Maybe it should, given the stigma and the difficulties some women face in breastfeeding their children. In one case, a Detroit mother, Afrykayn Moon, was nursing her 2-week old infant on a public bus. She was asked to leave the bus after the bus driver told her to either cover up or get off.
In Michigan, breastfeeding laws protect women from indecent exposure charges. But, they do not protect women from discrimination, reports the Detroit Free Press. What states do - and don't - protect women and to what extent?

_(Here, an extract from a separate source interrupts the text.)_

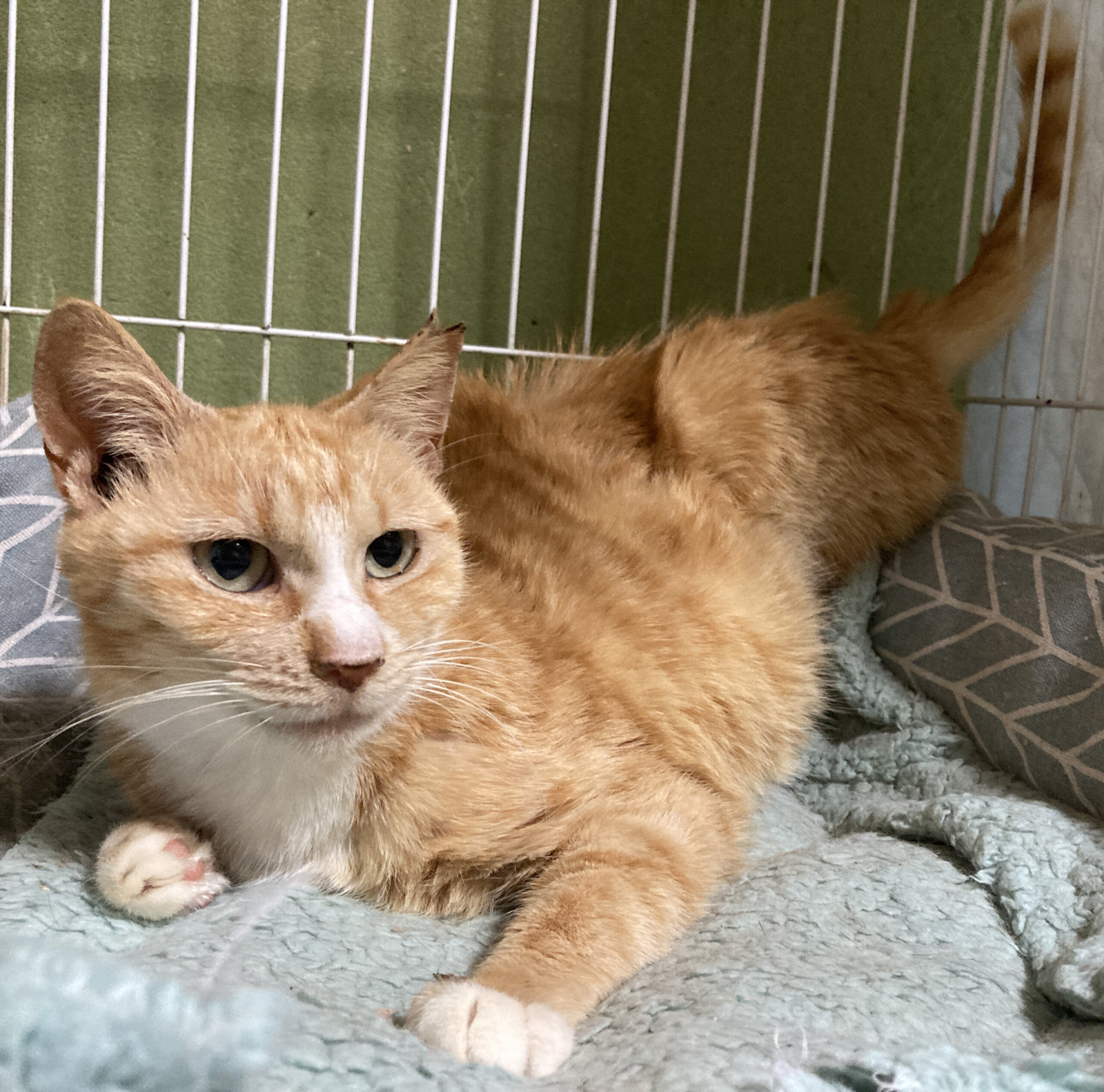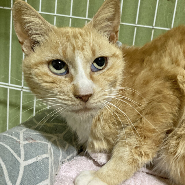 無責任な餌やりで猫が増えてしまった現場で保護しました。優しい性格のため、縄張り争いに負けてご飯にありつけなかったようです。

According to the National Conference of State Legislatures, there are about 45 states that have laws that specifically allow women to breastfeed in public. Twenty-eight states exempt women from public indecency charges if they breastfeed in public. And, 24 states have more laws that allow breastfeeding women to do so in the workplace. Twelve states have laws that exempt breastfeeding mothers from jury duty.
And lastly, five states and Puerto Rico, including California, Illinois, Minnesota, Missouri and Vermont, have encouraged breastfeeding through education awareness and other public campaigns.
Breastfeeding laws vary from state to state. Some states specifically allow public breastfeeding. And, as odd as it seems some states even have laws about the distribution, use or procurement of human breast milk.
There is also federal law requiring employers to give certain breaks to mothers who wish to breastfeed their children.
In Michigan, legislators are now thinking of introducing more legislation on breastfeeding laws to protect nursing mothers from discrimination. And, in response to Moon's discrimination on the bus for breastfeeding in public, the Black Mothers Breast Feeding Association, which Moon is a member of, staged a nurse-in to protest the bus driver's actions.